皮下点滴以外は特になにもせず、毎日愛猫の好きなように過ごしてもらうことにしました。愛猫はお風呂場まで遠征したり、人の布団の上で丸まって寝ていたりします。

そして、10日ほど経ったある日、気づいてしまいました。2日前に点滴した分の水分が、全く減らないまま猫の体に残っていました。もう、水分すら吸収できない体になってしまったのです。

猫に寄り添って過ごす、最後の数日間

吸収できない以上、これ以上の皮下点滴は無意味です。いよいよ覚悟を決めて、最期の数日を過ごすことにしました。仕事で日中は不在でしたが、できるだけ毎日毎晩、愛猫のそばに寄り添って過ごしました。

くっつくくらいは問題ないのですが、抱っこしたり、撫でさすったりするのはあまり嬉しくない様子だったので控えました。あと何日持ってくれるだろう、この子はいつ楽になるだろうと、そのことばかり考えていました。

そして7月の終わり、倒れてから19日目、点滴を受け付けなくなって4日目に、その日はやってきました。ふと足元でいつもどおりうずくまっている愛猫を見ると、周囲は明るいのに瞳孔が開ききっています。それが予兆でした。

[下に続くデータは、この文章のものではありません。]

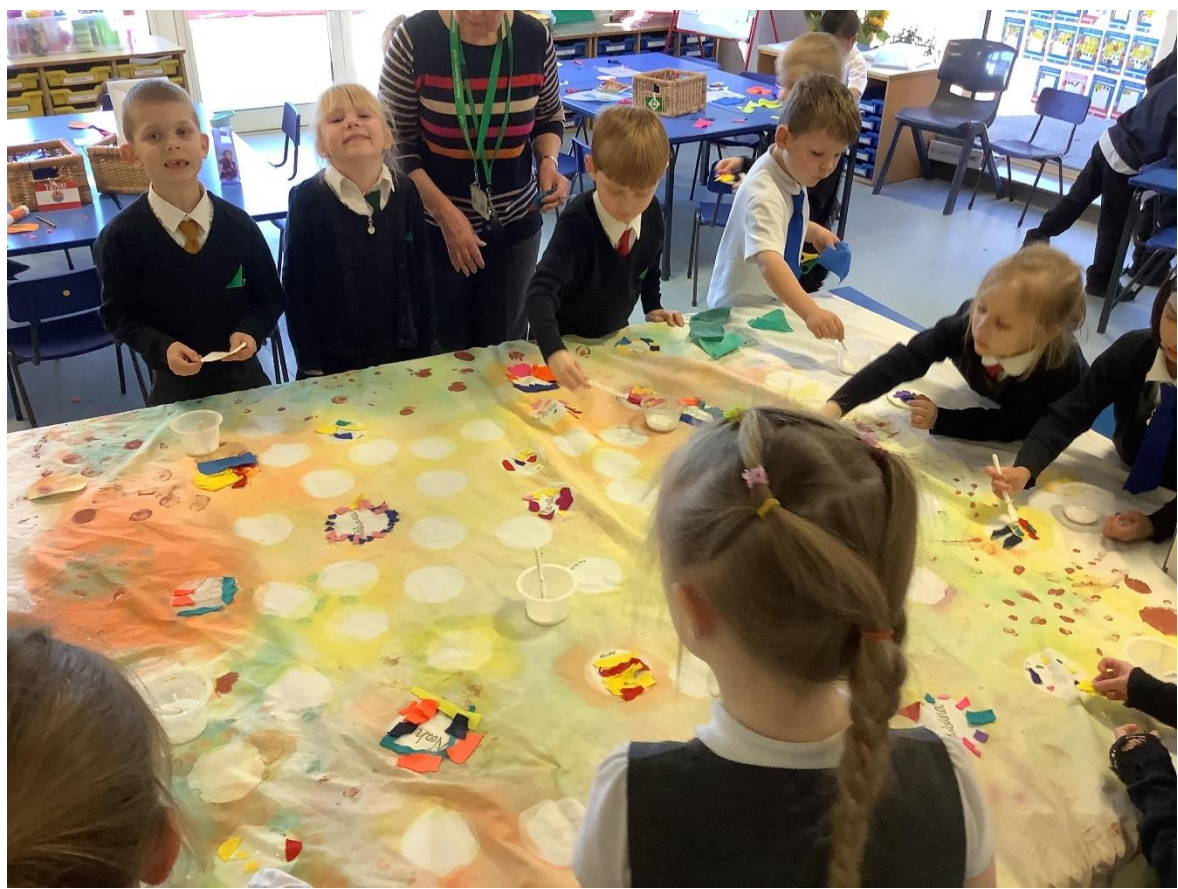
During Art and DT lessons, Year 1 created a dragon linked to the narrative of George and the Dragon.
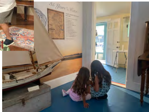
A quiet moment in the museum.

We have a lot going on these days! Keep up to date by visiting our website and social media and do not forget to sign-up on our website for our emailed newsletter Heard on The Wind .
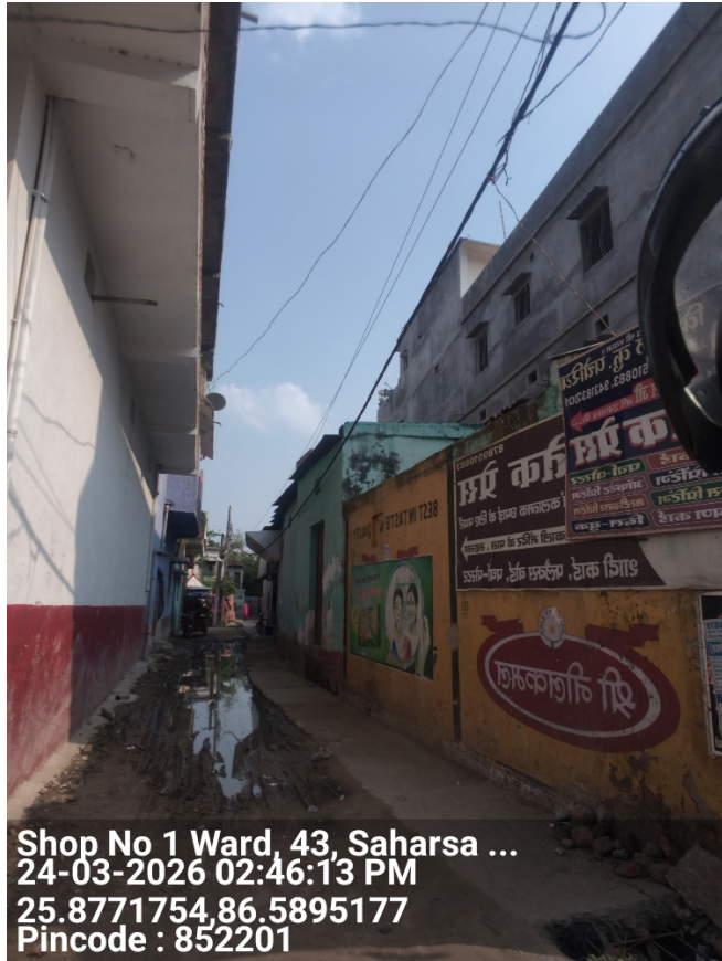
Shop No 1 Ward, 43, Saharsa ... 24-03-2026 02:46:13 PM 25.8771754,86.5895177 Pincode : 852201

Shop inside with inventory photos establishing that the inside is of the same shop where the front photo was taken
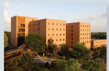
Forbes Regional Hospital 2570 Haymaker Rd. Monroeville, PA 15146 412.858.2000
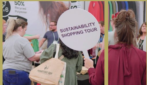
On-Site Shopping Tours
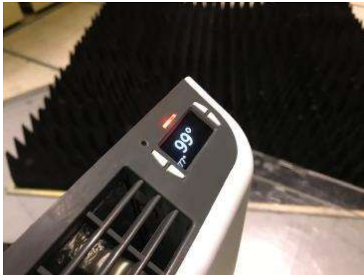
Location of transceiver and antenna is behind LCD display. This places the transceiver at the required 150 cm height.
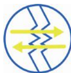
Super Tear Strength
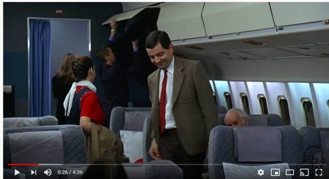
[HD] First Class Flight (Mr. Bean)

Watch the following video and choose the correct answer: stewardess: asistente de vuelo chase: perseguir
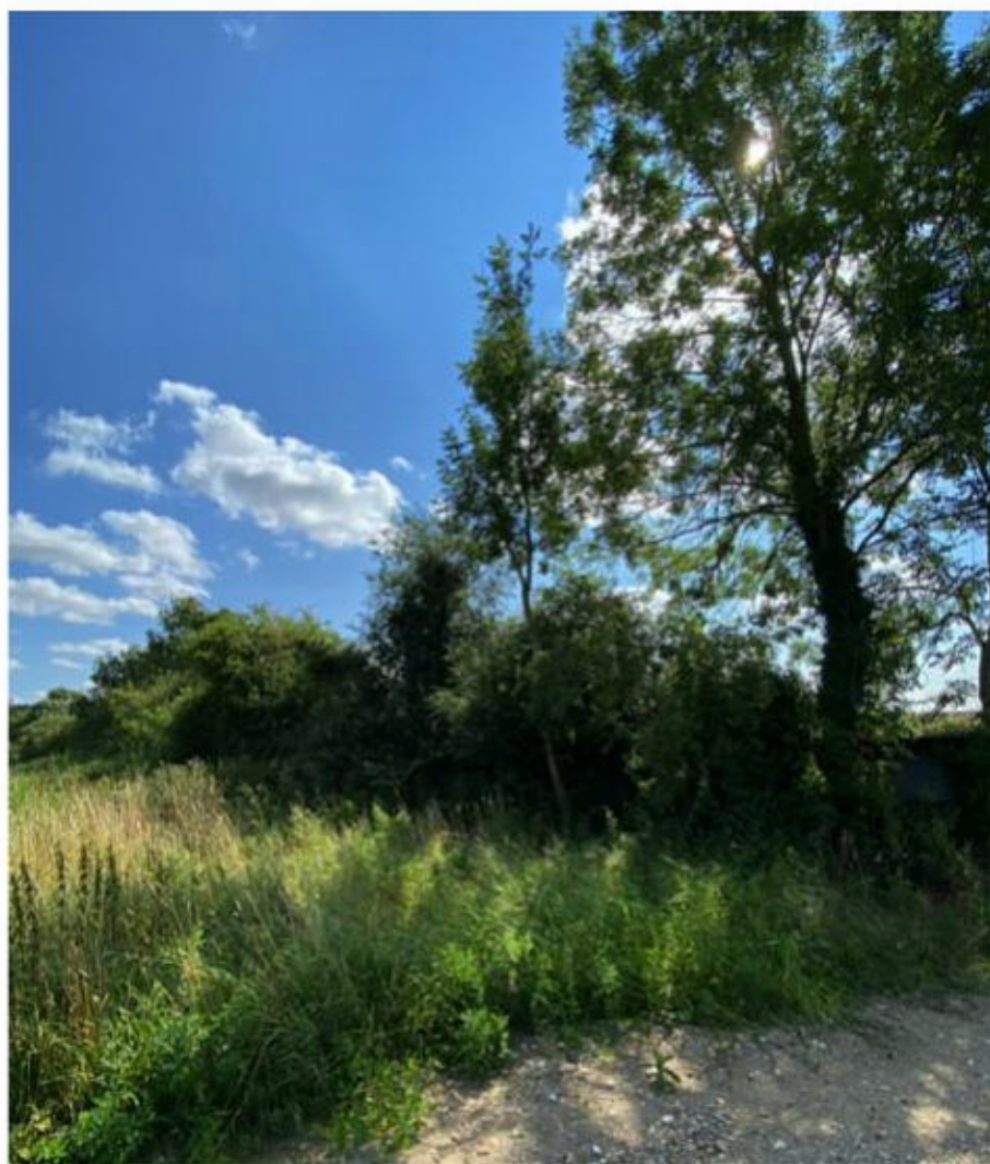
Photo 4. Species-poor defunct hedgerow with trees, north of barn B2

A line of young ash Fraxinus excelsior and the remains of a defunct hawthorn Crataegus monogyna hedge ran along the northern site boundary. To the east and off-site, this merged into a species-rich hedgerow with trees. These trees and hedgerow are to be retained.
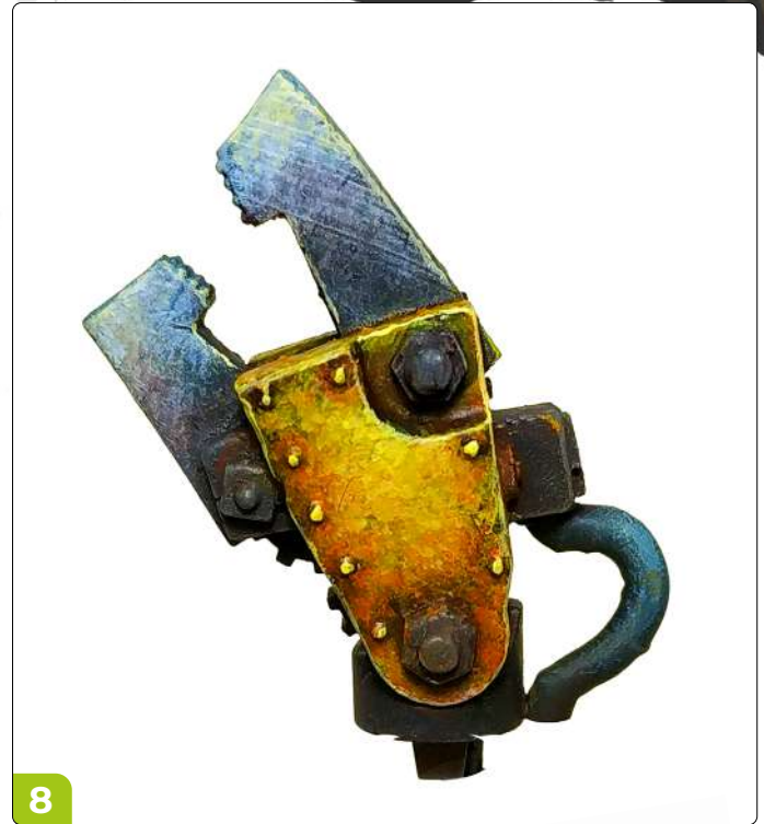
8. Finally, give a general wash with 50% diluted Hydromiel Yellow Ink to get an extra yellowish tone.

突然、ゆっくりと横倒しになった愛猫は失禁し、そのまま10分ほどやや苦しそうな呼吸をして、そして家族全員に見守られる中に息を引き取りました。

後悔しないために、できることを全てやってあげよう

ろくな対策をしてあげることもできませんでしたが、最期の瞬間を家族全員で看取れたことは大きな救いでした。

中皮腫は不治の病です。もしも愛猫が中皮腫となってしまったら、飼い主さんはできる限り一緒にいて、猫が安らかに最期の時を迎えられるように、できる限りのことをしてあげてください。

どのように介護していくかは飼い主さんによって異なります。しかし、どんな方針をとったとしても、重要なのは、飼い主さんがその時、猫にとって最もよいと思った方法をとってあげることです。

愛猫のことを世界で一番よく知っている飼い主さんが納得しているのならば、きっと愛猫にとってもそれが正解なはず。

やり残したことがあると後悔します。飼い主さんは全ての愛を、愛猫に注いであげてください。